July 12, 2020
Everyone knows that the cock’s crowing at dawn does not “cause” the sun to rise. Conversely, we have equal confidence “that flipping a switch will cause a light to turn on or off and that a sultry summer afternoon will cause sales to go up at the local ice cream parlor.” Such intuitions are integral to countless practical and moral judgments that fill our daily lives. And yet, as Prof. Judea Pearl and the science writer Dana Mackenzie note in their illuminating new work, “The Book of Why: The New Science of Cause and Effect,” scientists and statisticians lacked a common language until recently to distinguish between these very different kinds of observation. Indeed, within academia, “causal vocabulary was virtually prohibited for more than half a century.”
The absence of an accepted scientific approach to analyzing cause and effect is not merely of historical or theoretical interest. It explains the delay in the surgeon general’s reports on smoking, for example, and likely led to untold avoidable early deaths. New modeling tools have vastly expanded what can be learned from the proliferation of “big data” and will define the potential reach of artificial intelligence more broadly.
The subject of causation has preoccupied philosophers at least since Aristotle. Professor Pearl has deftly used the arc of his own career — first at RCA Laboratories and for the last 50 years at the University of California, Los Angeles (initially in the engineering department and since 1970 in computer science) — to chart the recent history of the subject.
This period broadly coincides with what Professor Pearl terms “the causal revolution.” Three ascending rungs of what he calls the “ladder of causation” serve as the central metaphor driving the narrative of “The Book of Why.” The “revolution” charted in the book, and in which Professor Pearl and his disciples played a crucial role, is what has allowed researchers across a vast range of disciplines to move beyond the first rung of the causal ladder, where they had been perennially stuck.
This lowest rung deals simply with observation — basically looking for regularities in past behavior. Professor Pearl places “present-day learning machines squarely on rung one.” While it is true that the explosion of computing power and accessible deep data sets have yielded many surprising and important results, the mechanics still operate “in much the same way that a statistician tries to fit a line to a collection of points.”
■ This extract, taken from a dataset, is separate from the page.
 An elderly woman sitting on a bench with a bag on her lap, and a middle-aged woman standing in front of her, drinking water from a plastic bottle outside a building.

“Deep neural networks have added many layers of complexity of the fitted function, but raw data still drives the fitting process,” according to Professor Pearl. The causal revolution is what has enabled researchers to explore the higher rungs of the ladder.
The second rung of the ladder of causation moves from seeing to doing. That is, it goes from asking what happened to asking what would happen based on possible interventions. Professor Pearl notes that “many scientists have been traumatized to learn that none of the methods they learned in statistics is sufficient to articulate, let alone answer, a simple question like ‘What happens if we double the price?’” “The Book of Why” provides a detailed explanation and history of how and when a model alone can answer such questions in the absence of live experiments.
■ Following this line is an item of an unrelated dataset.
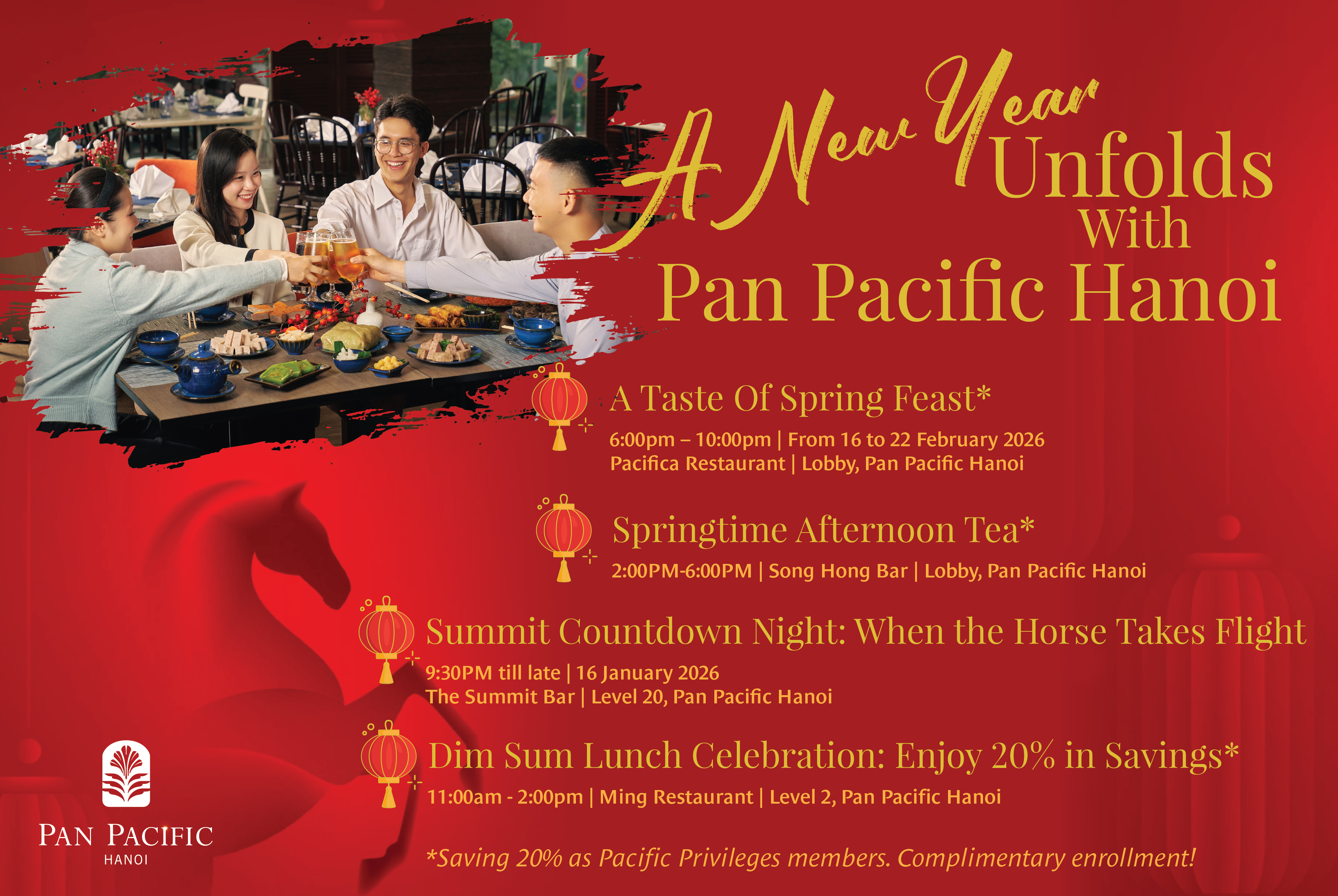 As the Lunar New Year draws near, a thoughtfully curated collection of festive dining experiences awaits, inspired by refined flavours and the spirit of togetherness, open throughout the Tet holiday, enhanced with an exclusive 20% savings for Pacific Privileges members.

The top rung of the ladder involves something called “counterfactual” questions: What would the world be like if a different path had been taken? These are “the building blocks of moral behavior as well as scientific thought.” The ability to look backward and imagine what could have been governs our judgments on success and failure, right and wrong.
Once considered a defining characteristic of humanity, in recent decades these topics have not escaped the reach of increasingly complex modeling tools. Those tools have been applied to varied social and scientific problems, including the efficacy of medical procedures, the impact of climate change and the usefulness of social policies.
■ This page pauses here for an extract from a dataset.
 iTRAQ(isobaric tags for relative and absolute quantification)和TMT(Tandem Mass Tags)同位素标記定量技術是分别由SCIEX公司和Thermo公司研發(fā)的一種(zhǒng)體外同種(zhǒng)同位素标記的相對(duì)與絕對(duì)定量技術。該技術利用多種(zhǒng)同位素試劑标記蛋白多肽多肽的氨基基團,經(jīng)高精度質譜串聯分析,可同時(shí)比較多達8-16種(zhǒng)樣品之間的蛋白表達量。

The Professor Pearl who emerges from the pages of “The Book of Why” brims with the joy of discovery and pride in his students and colleagues. He concedes, however, that his inclination is never to use words when an equation will do: “To me, a formula is a baked idea. Words are ideas in the oven.” The resulting book is not always fully accessible to readers who do not share the author’s fondness for equations.
The sometimes challenging technical aspects of the book should not dissuade anyone interested in the promise of intelligent systems. “The Book of Why” not only delivers a valuable lesson on the history of ideas but provides the conceptual tools needed to judge just what big data can and cannot deliver. Notably, “causal questions can never be answered from data alone.”
While it is “easy to understand why some people would see data mining as the finish rather than the first step,” Professor Pearl reminds us that the most important questions will always require “us, as well as future machines,” to engage in the “work of having to consider and articulate substantive assumptions about how the world operates.”
Despite this well-considered skepticism, Professor Pearl is remarkably optimistic about what artificial intelligence can achieve and even whether we can make machines that are capable of distinguishing good and evil. Regardless of whether one agrees with these provocative conclusions, we can all hope that in any counterfactual world in which that is the case, programmers with the humanity of Professor Pearl will be in charge.